Database Pioneer Stonebraker Wins Turing Award, Including $1 Million

Michael Stonebraker, the MIT computer scientist who created multiple companies based on his foundational work in database management systems, has won the A.M. Turing Award from the Association for Computing Machinery.

The award, now funded by Google, includes a $1 million prize, up from $250,000 in recent years. The association selected Stonebraker, who is a researcher at the school’s Computer Science and Artificial Intelligence Laboratory, because of his work pioneering database technology and “inventing many of the concepts that are used in almost all modern database systems.”
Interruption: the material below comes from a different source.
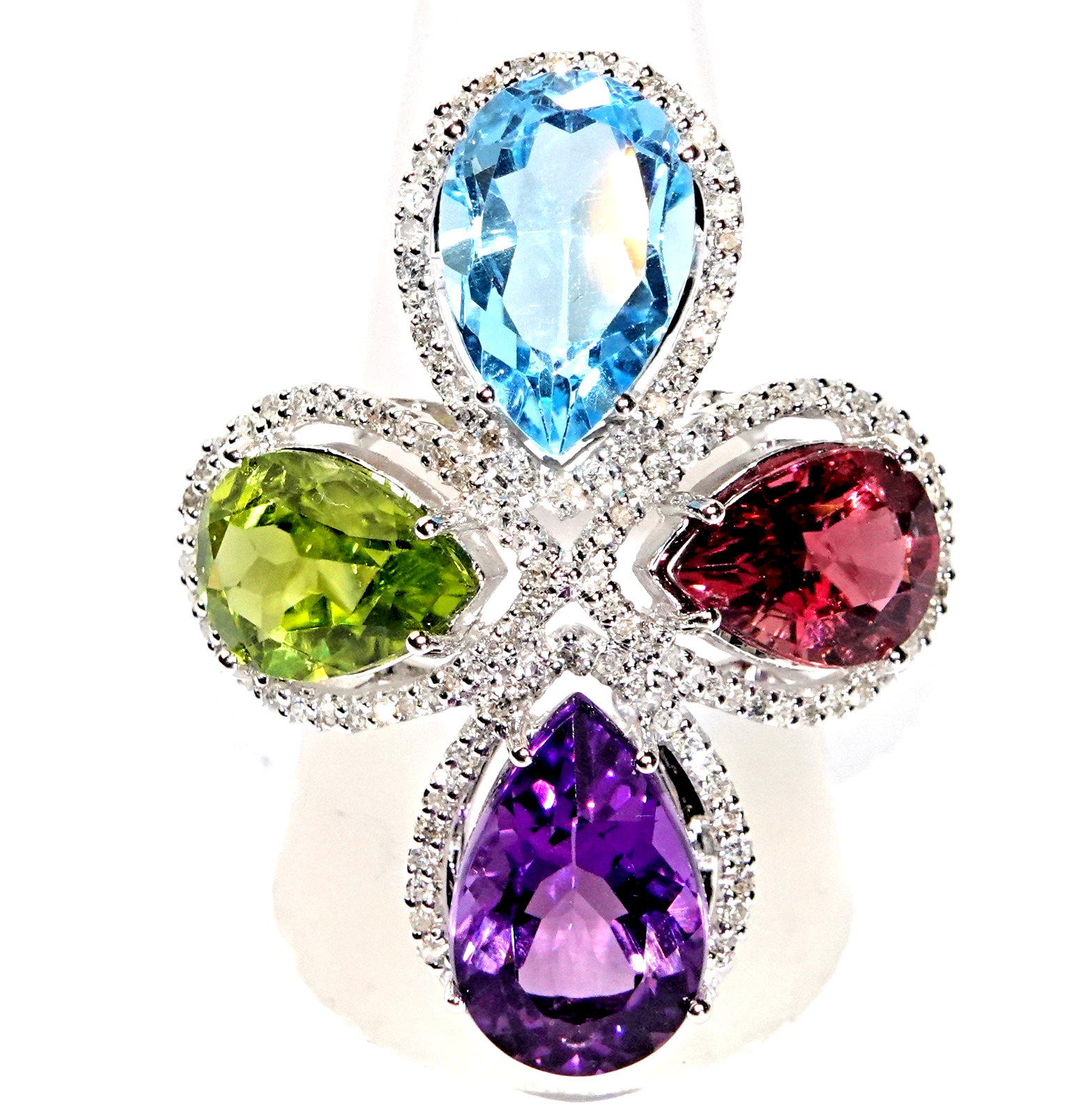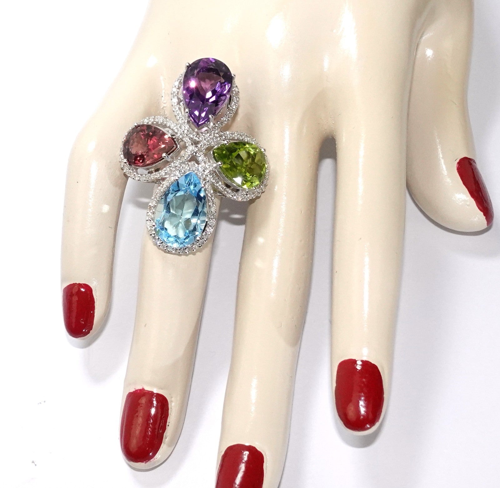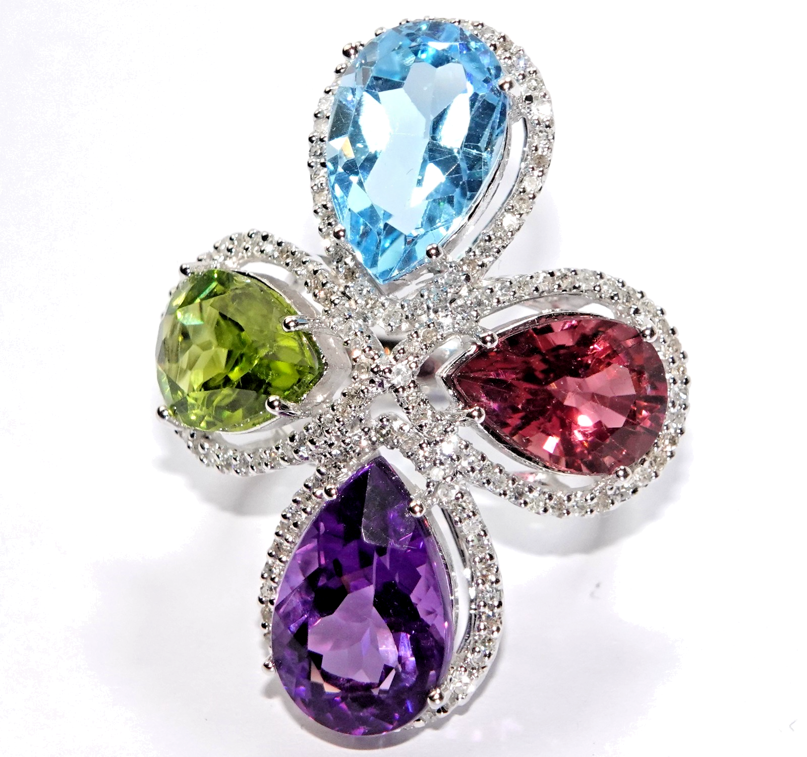 Topas (6,05 ct), Peridot (5,72 ct), Amethyst (4,6 ct), Turmalin (5,3 ct.)

Stonebraker’s work has spawned nine businesses he has helped create and manage. The most recent is Tamr. That company received a $16 million Series A round in 2014 for its efforts helping companies manage and connect their many data sources.

Others companies include VoltDB, Paradigm4, and Vertica, a database management business that stores numbers in columns rather than rows. Vertica was acquired by Hewlett-Packard in 2011 for $340 million.

Stonebraker, who is receiving the award June 20 in San Francisco, spent 29 years at the University of California at Berkeley, where he developed influential database systems, Ingres and Postgres. The researcher’s work there, and after he left Berkeley for MIT in 2001, centered on what eventually became marketed as big data, a term that Stonebraker came to view as “hackneyed.”

“Out of nowhere, some marketing guys started talking about ‘big data,’” he said in a prepared statement. “That’s when I realized that I’d been studying this thing for the better part of my academic life.”

The award is named after British computer scientist Alan Turing, whose life and accomplishments were detailed last year in the Hollywood movie “The Imitation Game.”